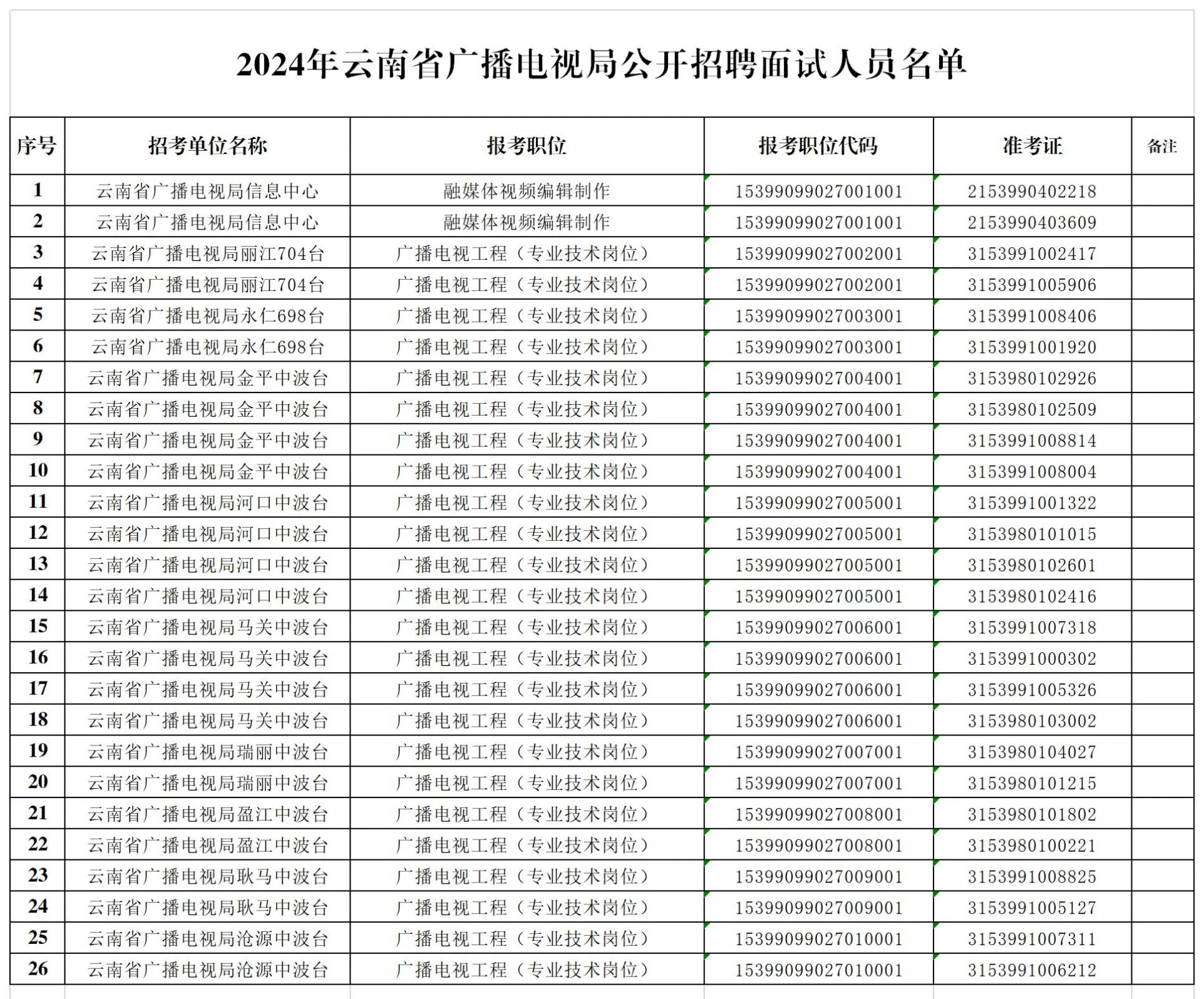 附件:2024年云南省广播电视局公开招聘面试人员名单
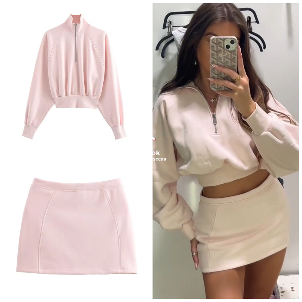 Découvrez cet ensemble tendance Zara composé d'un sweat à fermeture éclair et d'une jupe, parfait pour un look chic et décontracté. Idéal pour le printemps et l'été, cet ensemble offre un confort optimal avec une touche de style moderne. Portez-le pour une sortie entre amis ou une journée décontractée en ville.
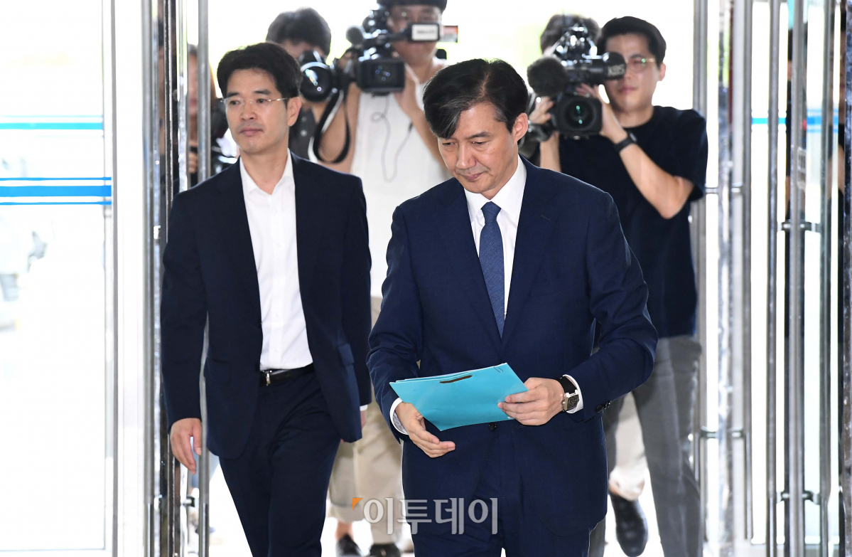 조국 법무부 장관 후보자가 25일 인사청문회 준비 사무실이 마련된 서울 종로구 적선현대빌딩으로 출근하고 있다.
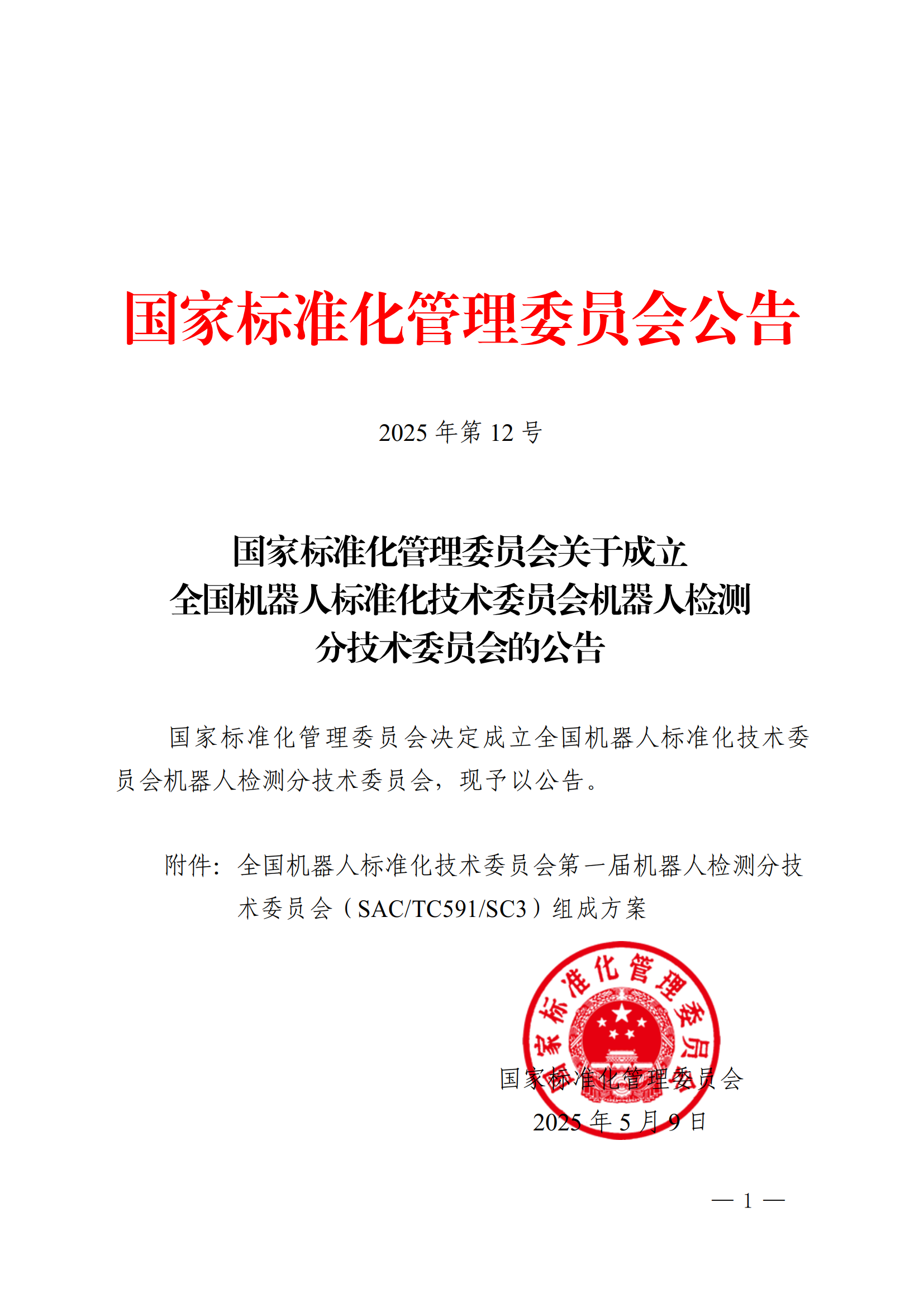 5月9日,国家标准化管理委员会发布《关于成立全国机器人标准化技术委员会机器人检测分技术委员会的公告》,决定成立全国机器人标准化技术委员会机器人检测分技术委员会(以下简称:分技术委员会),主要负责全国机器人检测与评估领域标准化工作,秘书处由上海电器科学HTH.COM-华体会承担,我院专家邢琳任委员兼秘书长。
● ● ● ● ● ● ●
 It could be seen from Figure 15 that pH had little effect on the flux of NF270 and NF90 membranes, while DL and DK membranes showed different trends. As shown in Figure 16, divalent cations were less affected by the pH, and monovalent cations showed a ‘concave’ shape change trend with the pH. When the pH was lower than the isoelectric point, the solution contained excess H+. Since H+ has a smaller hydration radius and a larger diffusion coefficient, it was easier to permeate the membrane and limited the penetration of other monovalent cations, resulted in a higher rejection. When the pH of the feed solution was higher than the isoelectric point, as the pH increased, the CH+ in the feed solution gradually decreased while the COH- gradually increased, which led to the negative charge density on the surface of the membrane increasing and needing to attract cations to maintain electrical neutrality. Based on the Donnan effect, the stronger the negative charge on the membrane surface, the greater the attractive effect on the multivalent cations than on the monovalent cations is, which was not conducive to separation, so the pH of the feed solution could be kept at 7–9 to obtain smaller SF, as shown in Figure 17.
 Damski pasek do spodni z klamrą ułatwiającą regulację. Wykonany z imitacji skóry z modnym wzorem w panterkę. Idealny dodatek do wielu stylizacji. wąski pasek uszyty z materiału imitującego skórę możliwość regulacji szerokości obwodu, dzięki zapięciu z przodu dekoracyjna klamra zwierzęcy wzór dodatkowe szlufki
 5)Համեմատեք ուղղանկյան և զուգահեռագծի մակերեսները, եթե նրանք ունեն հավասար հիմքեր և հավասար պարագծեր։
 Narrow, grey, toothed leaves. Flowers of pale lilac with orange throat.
● ● ● ● ● ● ●
Would you print exactly the lines in the listing above, from the line bearing "附件:2024年云南省广播电视局公开招聘面试人员名单" through the line bearing "5月9日,国家标准化管理委员", leaving out all pictures?

 附件:2024年云南省广播电视局公开招聘面试人员名单
 Découvrez cet ensemble tendance Zara composé d'un sweat à fermeture éclair et d'une jupe, parfait pour un look chic et décontracté. Idéal pour le printemps et l'été, cet ensemble offre un confort optimal avec une touche de style moderne. Portez-le pour une sortie entre amis ou une journée décontractée en ville.
 조국 법무부 장관 후보자가 25일 인사청문회 준비 사무실이 마련된 서울 종로구 적선현대빌딩으로 출근하고 있다.
 5月9日,国家标准化管理委员会发布《关于成立全国机器人标准化技术委员会机器人检测分技术委员会的公告》,决定成立全国机器人标准化技术委员会机器人检测分技术委员会(以下简称:分技术委员会),主要负责全国机器人检测与评估领域标准化工作,秘书处由上海电器科学HTH.COM-华体会承担,我院专家邢琳任委员兼秘书长。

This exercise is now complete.